I will take one Plug please.

1 x Plug


----------



## duncsuss (Nov 18, 2014)

Crashmph said:


> I will take one Plug please.
> 
> 1 x Plug



Got it


----------



## Alex D (Nov 18, 2014)

Please switch mine from a taper to a plug.

Thanks!
Alex


----------



## duncsuss (Nov 18, 2014)

Alex D said:


> Please switch mine from a taper to a plug.
> 
> Thanks!
> Alex



Got it


----------



## killer-beez (Nov 18, 2014)

Could I get a plug and bottom?  Thanks...


----------



## duncsuss (Nov 18, 2014)

killer-beez said:


> Could I get a plug and bottom?  Thanks...



you certainly can ...


----------



## duncsuss (Nov 18, 2014)

With the orders from Crashmph and killer-beez, the total now stands at 21 pieces.


----------



## lwalden (Nov 18, 2014)

1 plug and 1 bottom for me, please.


----------



## KenV (Nov 18, 2014)

1 plug tap please --


----------



## duncsuss (Nov 18, 2014)

lwalden said:


> 1 plug and 1 bottom for me, please.





KenV said:


> 1 plug tap please --



Thanks for your orders, folks.

*We've now reached a total of 24 pieces.*


----------



## mredburn (Nov 18, 2014)

Thats it you can close the doors and call it done.  No reason to let anyone else in on this.  No siree Bob, no reason to take anymore orders!


----------



## duncsuss (Nov 18, 2014)

mredburn said:


> Thats it you can close the doors and call it done.  No reason to let anyone else in on this.  No siree Bob, no reason to take anymore orders!



:biggrin:

I could, I suppose. But for purely selfish reasons, I won't close the door just yet (and besides, I have to check with Mannie that it would be acceptable to do so without having said up front that early closing was a possibility.)

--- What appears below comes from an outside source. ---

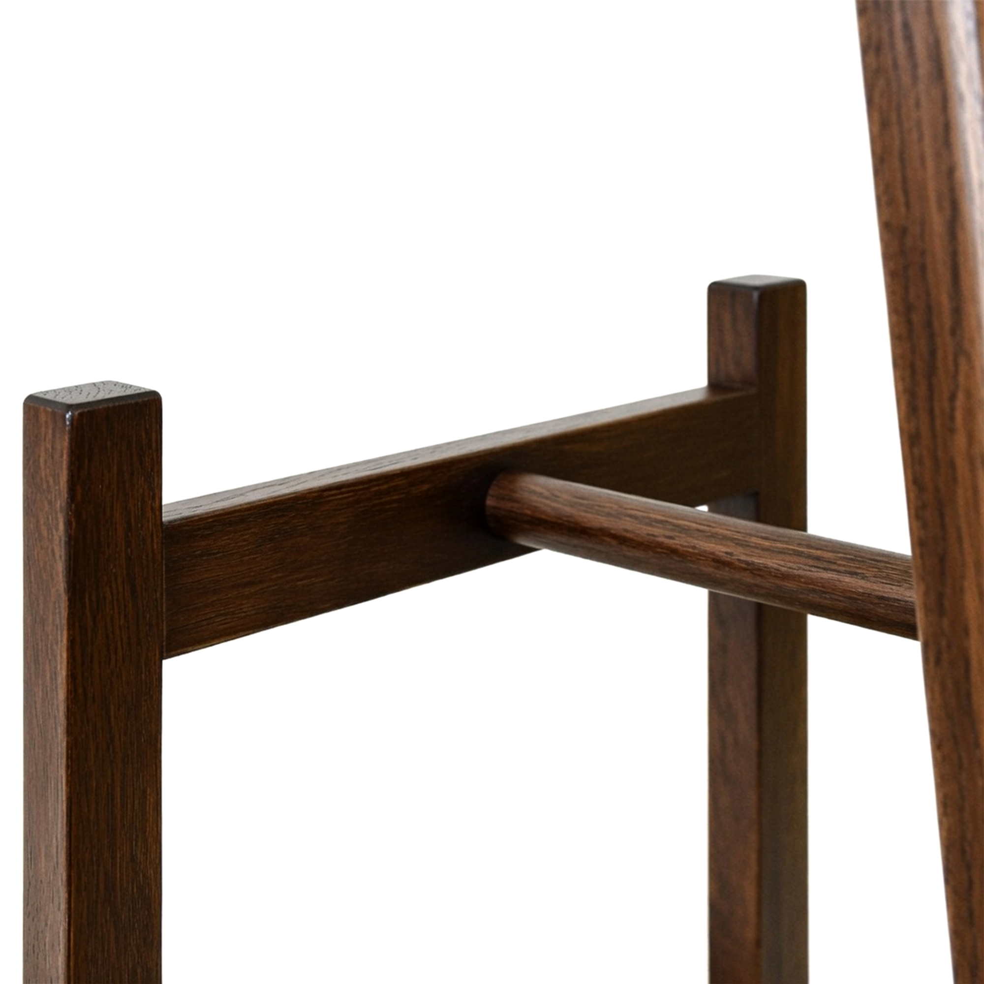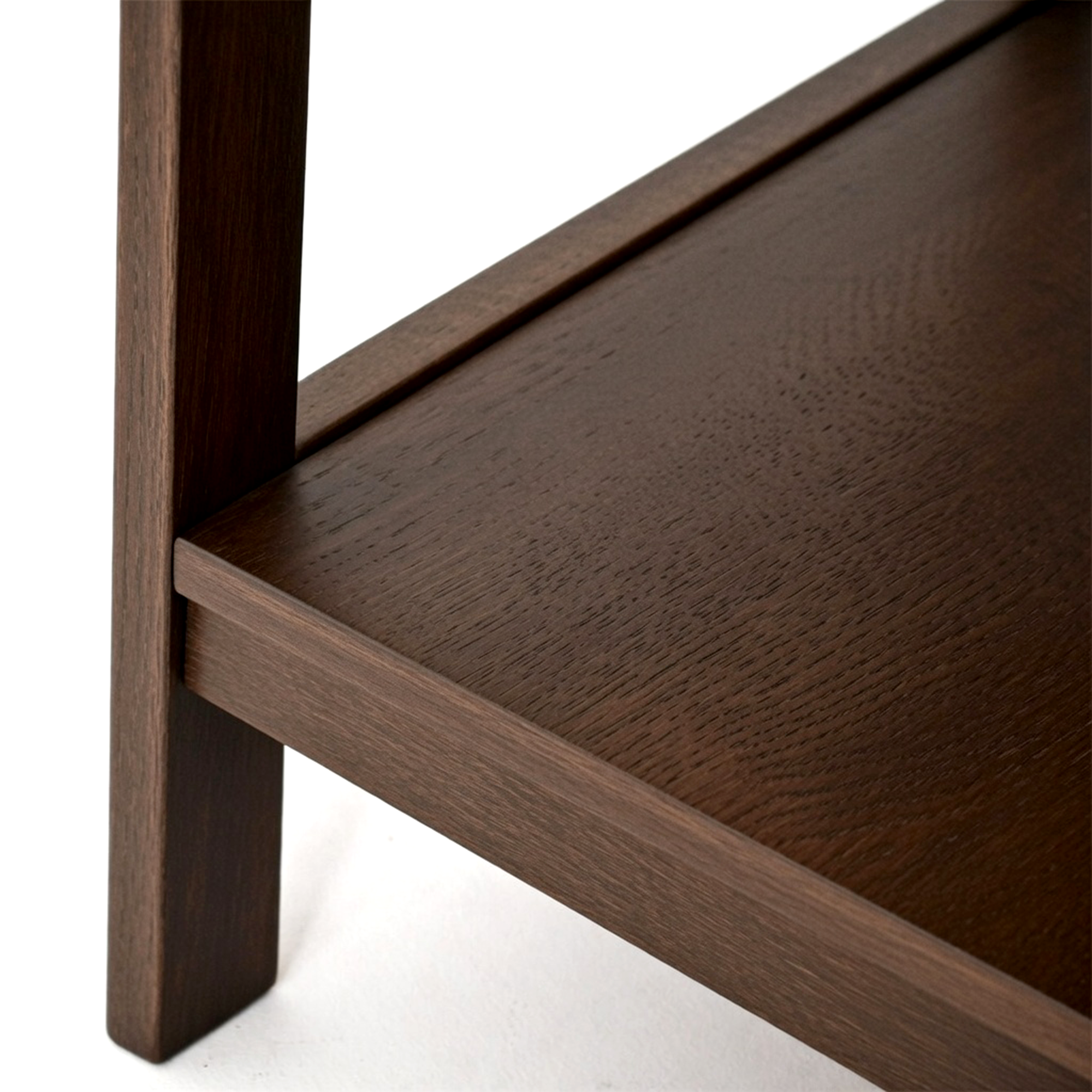 Doğal koyu meşe dokusu, ahşabın sıcak karakterini mekâna taşırken sade formu ile modern ve zamansız bir görünüm sunar. Yatak odası, antre veya giyinme alanlarında hem estetik hem de pratik bir kullanım sağlar.
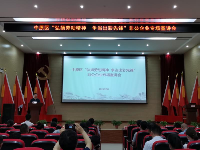 為充分發(fā)揮中原新區(qū)聯(lián)合黨委基層黨校在黨的理論教育上的主陣地作用和在黨性教育上的大熔爐作用,在黨校中弘揚習(xí)近平總書記給圓方集團職工的重要回信精神,真正使聯(lián)合黨委基層黨校成為黨員干部思想政治教育的紅色殿堂,6月5日和9日,中原區(qū)“弘揚勞動精神 爭當(dāng)出彩先鋒”企業(yè)、班組專場及非公企業(yè)專場宣講會在中原新區(qū)聯(lián)合黨委基層黨校舉行,中原區(qū)委組織部組織科科長蔚光勛、西流湖公司副總經(jīng)理昌磊出席活動,共有來自中原區(qū)各街道辦事處、各企業(yè)的150余名黨員職工聆聽了宣講。

Oh, and Jonathon Brooks (and several others) expressed interest in the research thread but haven't chimed in here yet. I'll send them another PM to let them know they should get a move on.


----------



## Brooks803 (Nov 18, 2014)

Plug tap only for me


----------



## duncsuss (Nov 18, 2014)

Brooks803 said:


> Plug tap only for me



You got it, Jonathon


----------



## lorbay (Nov 18, 2014)

Plug for me please.
Lin


----------



## duncsuss (Nov 19, 2014)

lorbay said:


> Plug for me please.
> Lin


You got it


----------



## duncsuss (Nov 19, 2014)

Currently at 26 pieces. Here's the list, please let me know if I've got your request wrong.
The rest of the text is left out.